To generalize, we seek an M-dimensional subspace spanned by orthonormal vectors: \[ \mathbf{B} = [\mathbf{b}_1, \mathbf{b}_2, \dots, \mathbf{b}_M], \] where each \(\mathbf{b}_m\) is an eigenvector of \(\mathbf{S}\) associated with one of its largest eigenvalues. After finding the first \(m-1\) principal components, we can define the remaining (unexplained) data as: \[ \hat{\mathbf{X}} = \mathbf{X} - \sum_{i=1}^{m-1} \mathbf{b}_i \mathbf{b}_i^\top \mathbf{X} = \mathbf{X} - \mathbf{B}_{m-1} \mathbf{X}, \] and seek the next direction \(\mathbf{b}_m\) that maximizes the variance of the residual data. This again leads to: \[ \mathbf{S} \mathbf{b}_m = \lambda_m \mathbf{b}_m, \] where \(\lambda_m\) is the m-th largest eigenvalue of \(\mathbf{S}\). Thus, each principal component corresponds to an eigenvector of the covariance matrix. The variance captured by the m-th component is: \[ V_m = \mathbf{b}_m^\top \mathbf{S} \mathbf{b}_m = \lambda_m. \]

Theorem 6.1 The total variance captured by the first \(M\) principal components is: \[ V_M = \sum_{m=1}^{M} \lambda_m. \]

The variance lost (due to compression) is: \[ J_M = \sum_{j=M+1}^{D} \lambda_j = V_D - V_M. \]

Alternatively, the relative variance captured is: \[ \frac{V_M}{V_D}, \] and the relative variance lost is: \[ 1 - \frac{V_M}{V_D}. \]

Example 6.3 If we project the point \(\mathbf{x} = [5, 3]^\top = 5\mathbf{e}_1 + 3\mathbf{e}_2\) onto the subspace spanned by \(\mathbf{e}_2\): \[ \tilde{\mathbf{x}} = [0, z]^\top = z\mathbf{e}_2 = [0, 3]^\top \] We can calculate the error as \[ \mathbf{x} - \tilde{\mathbf{x}} = [5, 3]^\top [0, 3]^\top = [5, 0]^\top.\]

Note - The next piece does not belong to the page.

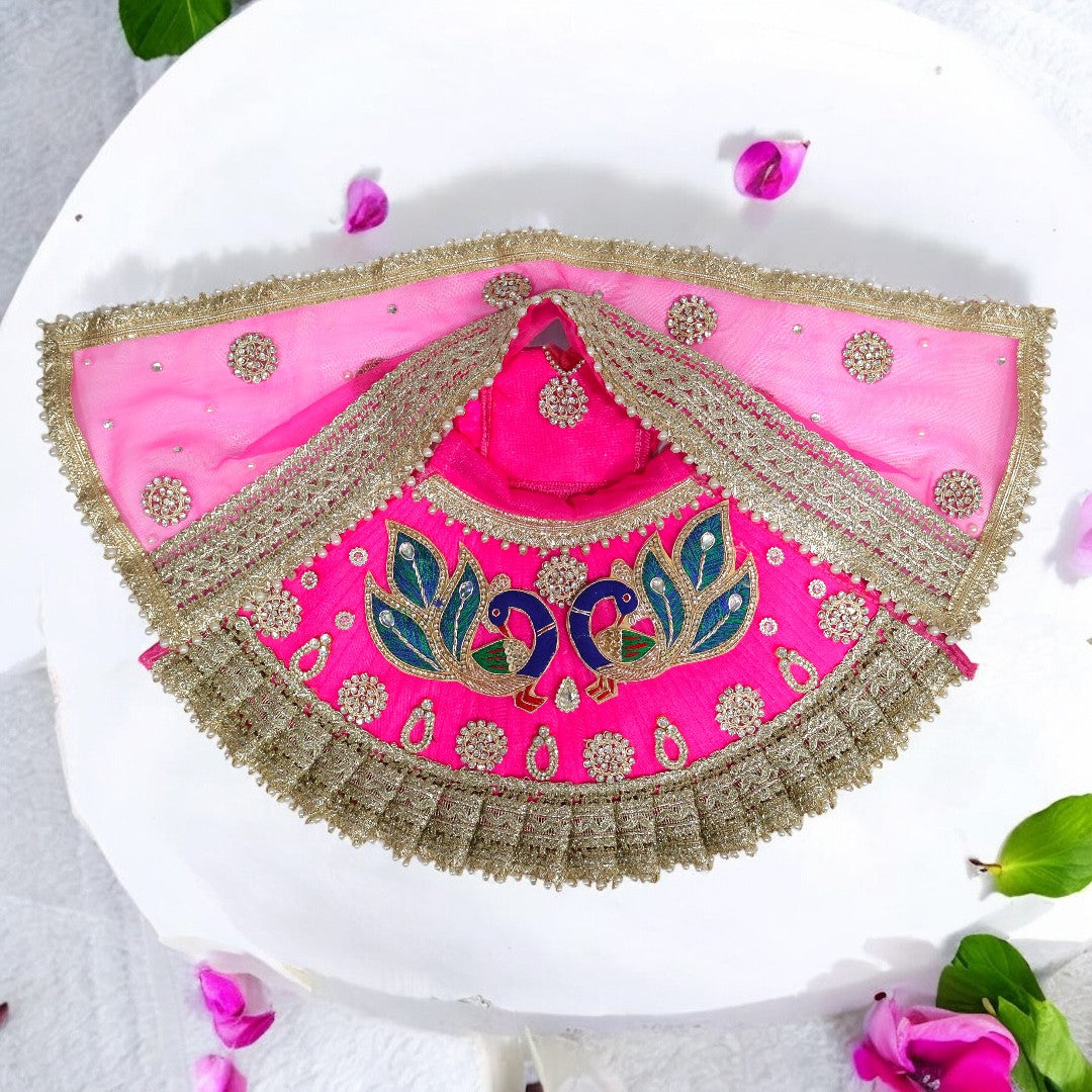 Every detail is highlighted with sparkling embellishments and rich handwork, making it a perfect attire for Mata Rani’s divine shringar. The premium craftsmanship ensures both beauty and devotion are woven together in this exclusive design.
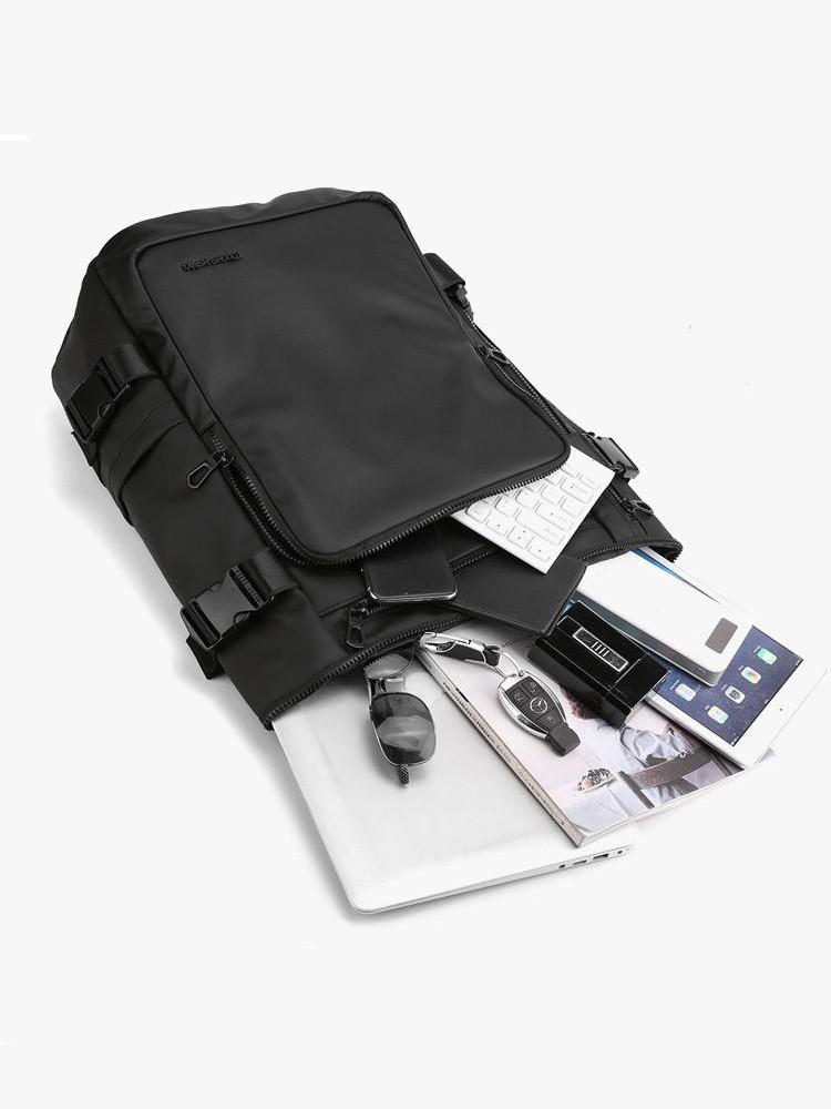 Дизайн: Рюкзак имеет современный и аккуратный вид с несколькими отделениями и молниями. Основное отделение закрывается на двойную молнию, а передний карман и боковые карманы предоставляют дополнительное место для хранения мелочей.

If this projection came from the covariance matrix of a large data set with 2 eigenvalues 6 and 4, then this projection represents 60% (\(6/(6+4)\)) of the variance in the projection while the lost variance is 40%. In essence, 60% of the variability of the data associated with a projection of this type would be a result of the second component.

Example 6.4 When PCA is applied to the MNIST images of the digit “8”:

  • The eigenvalues of the data covariance matrix decrease rapidly.
  • Most variance is captured by only a small number of principal components.
  • This demonstrates that the dataset has an intrinsic low-dimensional structure.

Exercises

Exercise 6.1 Show that the variance of low dimensional code does not depend on the mean of the data. This allows us to assume our data has mean 0.

Exercise 6.2 Consider the constrained optimization problem \[\begin{align*} &\max_{\mathbf{b}_1} \mathbf{b}_1^T\mathbf{S}\mathbf{b}_1\\& \text{subject to} ||\mathbf{b}_1||^2 = 1. \end{align*}\] Derive the necessary Lagrangian conditions for this optimization problem.

Exercise 6.3 Explain why we maximize the variance when we select the basis vector that is associated with the largest eigenvalue.